TASK DATA Start Marker

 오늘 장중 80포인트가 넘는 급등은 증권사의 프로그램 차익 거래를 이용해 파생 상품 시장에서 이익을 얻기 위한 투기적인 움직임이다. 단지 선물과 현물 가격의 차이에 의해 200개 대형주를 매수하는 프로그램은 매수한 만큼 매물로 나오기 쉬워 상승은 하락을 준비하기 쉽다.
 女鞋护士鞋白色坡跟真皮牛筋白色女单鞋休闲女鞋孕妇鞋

TASK DATA End Marker
TASK DATA Start Marker

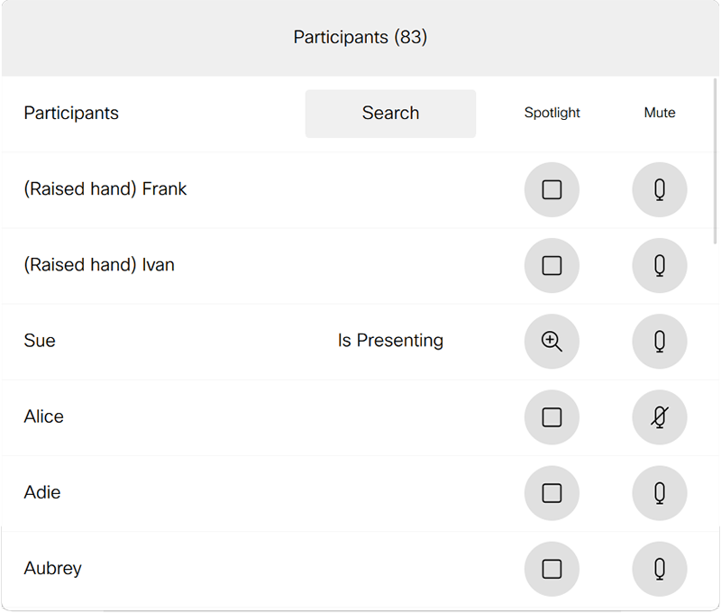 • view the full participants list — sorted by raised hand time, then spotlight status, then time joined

TASK DATA End Marker

# WHAT THIS TASK INVOLVES
Nothing but the lines above from the one containing "오늘 장중 80포인트가" through the one containing "女鞋护士鞋白色坡跟真皮牛筋白色女单鞋休闲女鞋孕妇鞋" should appear in the answer, each repeated exactly.

# ANSWER SPACE
 오늘 장중 80포인트가 넘는 급등은 증권사의 프로그램 차익 거래를 이용해 파생 상품 시장에서 이익을 얻기 위한 투기적인 움직임이다. 단지 선물과 현물 가격의 차이에 의해 200개 대형주를 매수하는 프로그램은 매수한 만큼 매물로 나오기 쉬워 상승은 하락을 준비하기 쉽다.
 女鞋护士鞋白色坡跟真皮牛筋白色女单鞋休闲女鞋孕妇鞋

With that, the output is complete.